Question

How many molecules of $O_2$ are present in 1 L air containing 80% volume of $O_2$ at STP?

Answer 1

Hint: Given that, 1 L air contains 80% volume of $O_2$
Therefore, find the total volume of $O_2$ present in the air i.e. 80% of 1 L, i.e. 800 ml. Now, we know that 1 mole of any gas at STP contains $6.022\times {10}^{23}$ molecules and occupies a volume of 22.4 litres. Hence, find the number of molecules present in 800 ml of oxygen gas at STP.

Formula used:
1 mole = $6.022\times {10}^{23}$
1 mole of any gas at STP, occupies a volume of 22.4 litres (22400 ml).

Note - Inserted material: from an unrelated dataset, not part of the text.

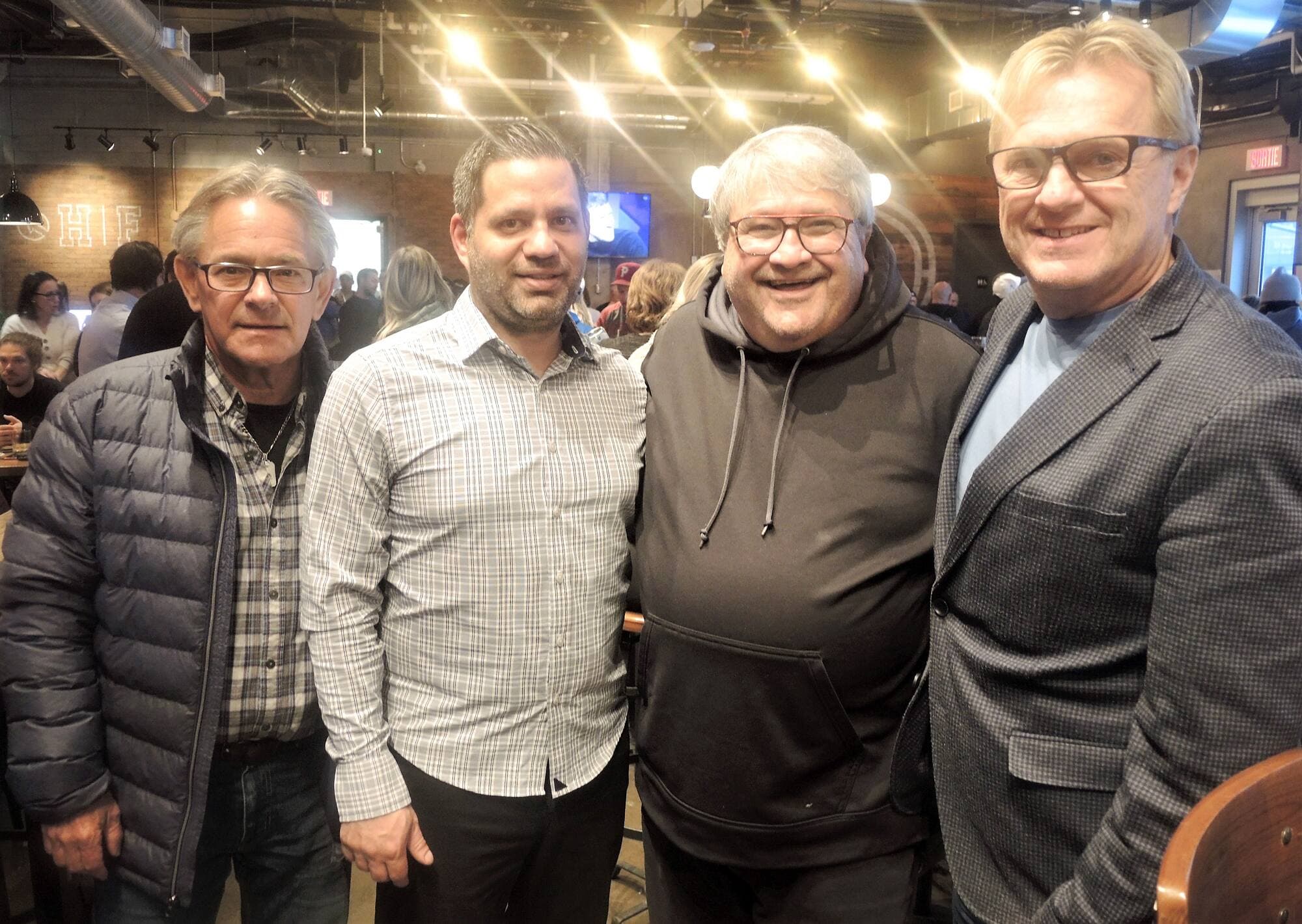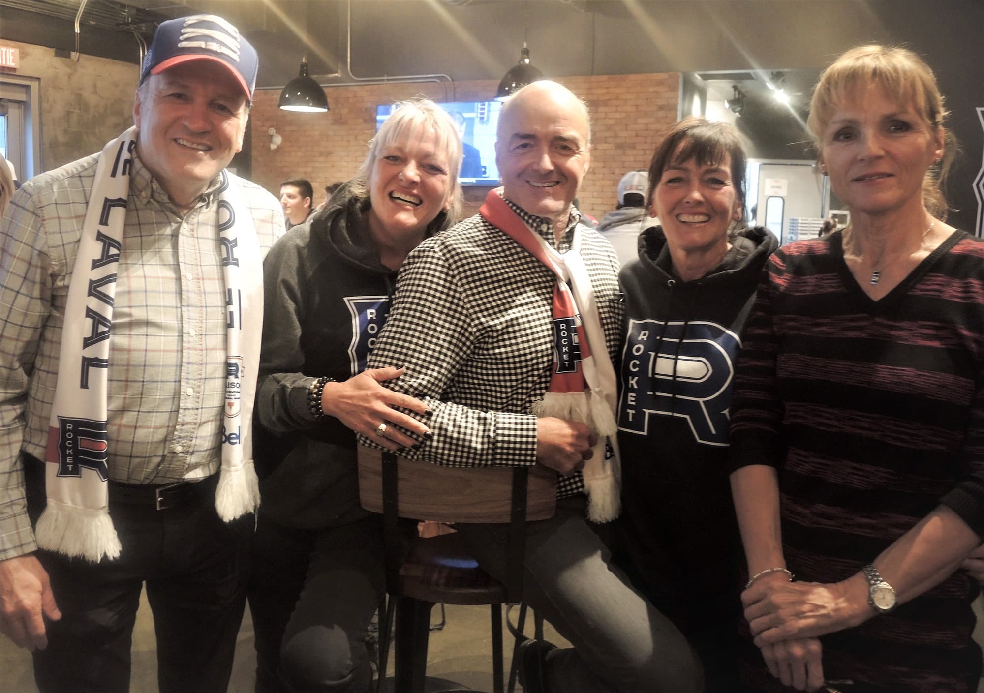 Le directeur de la Cage Place Bell, John Tyrovolas, deuxième de la gauche, est entouré de fiers partisans du Rocket : Pierre Balleur, Guy Goyer et Daniel Desjardins, de la région de Sainte-Agathe.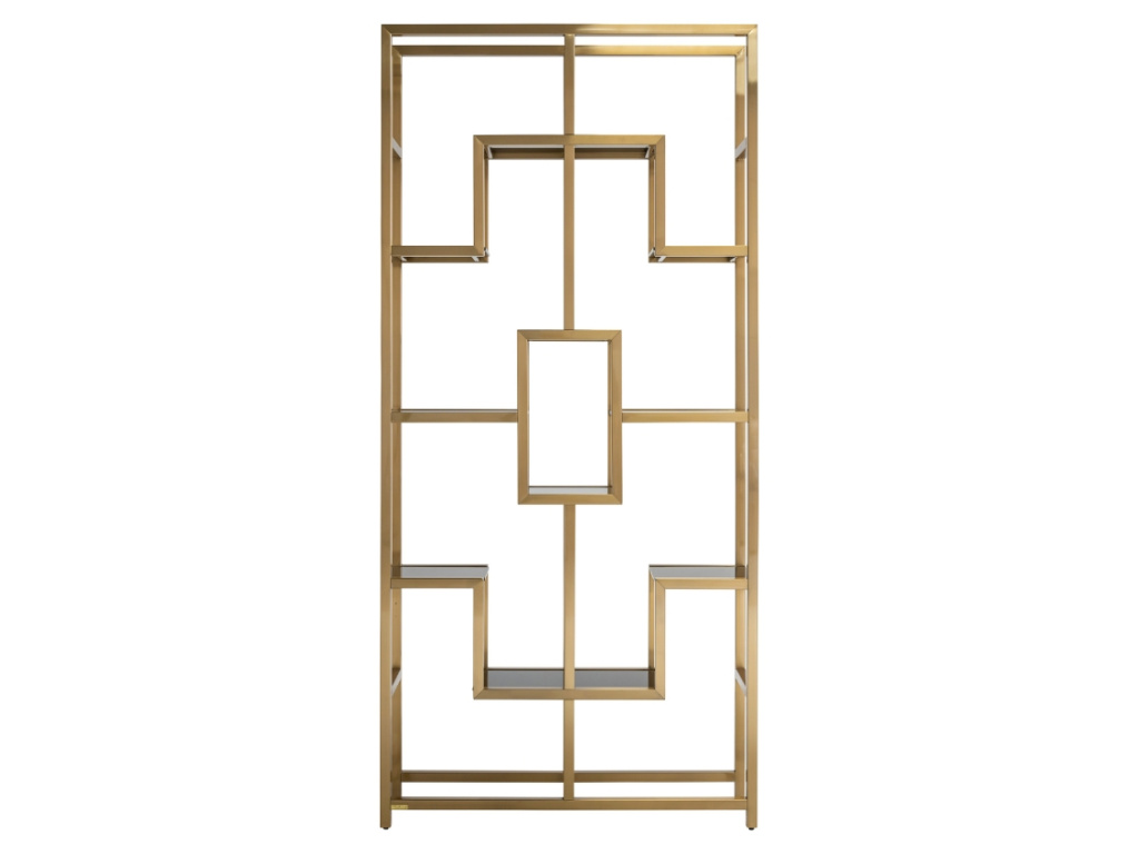 Čisté linie, vzdušnost a především luxusní nádech regálu Magnus od značky Richmond doplní interiéry v moderním i glamour stylu, ve kterých se klade důraz na eleganci a čistotu materiálů. Okázalost matné zlaté barvy nerezového rámu vnese do obývacího pokoje punc vznešenosti. Díky geometrickému zpracování můžete v regálu rafinovaně vystavit dekorace všeho druhu. Police jsou vyrobené z černého 8 mm silného bezpečnostního skla.

Complete step by step answer:
Given that, 1 L air contains 80% volume of $O_2$
Therefore, total amount of oxygen present in 1 L (1000 ml) air is $=1000\times {\displaystyle \frac{80}{100}}=800\text{ ml}$
Now, we know that 1 mole of any gas at STP, occupies a volume of 22.4 litres (22400 ml).
Hence, 22400 ml of $O_2$ gas in STP, contains $6.022\times {10}^{23}$ molecules of $O_2$.
1 ml of oxygen gas in STP contains $={\displaystyle \frac{6.022\times {10}^{23}}{22400}}$ molecules of oxygen.
800 ml oxygen gas in STP contains
$$={\displaystyle \frac{6.022\times {10}^{23}}{22400}}\times 800$$ molecules of oxygen
$$={\displaystyle \frac{6.022\times {10}^{23}}{\text{224}}}\times 8$$ molecules of oxygen
$$={\displaystyle \frac{6.022\times {10}^{23}}{\text{28}}}$$ molecules of oxygen
$$=2.15\times {10}^{23}$$ molecules of oxygen
Hence, number of $O_2$ molecules present in 1 litre air containing 80% volume of $O_2$ at STP, is $$2.15\times {10}^{23}$$. (answer)

Note: We know that, 1 mole of any gas at STP occupies a volume of 22.4 litres (22400 ml).
Also, 1 mole of any substance contains $6.022\times {10}^{23}$ number of molecules, which is called the Avogadro’s Number. Therefore 22.4 litres of oxygen at STP contains $6.022\times {10}^{23}$ oxygen molecules.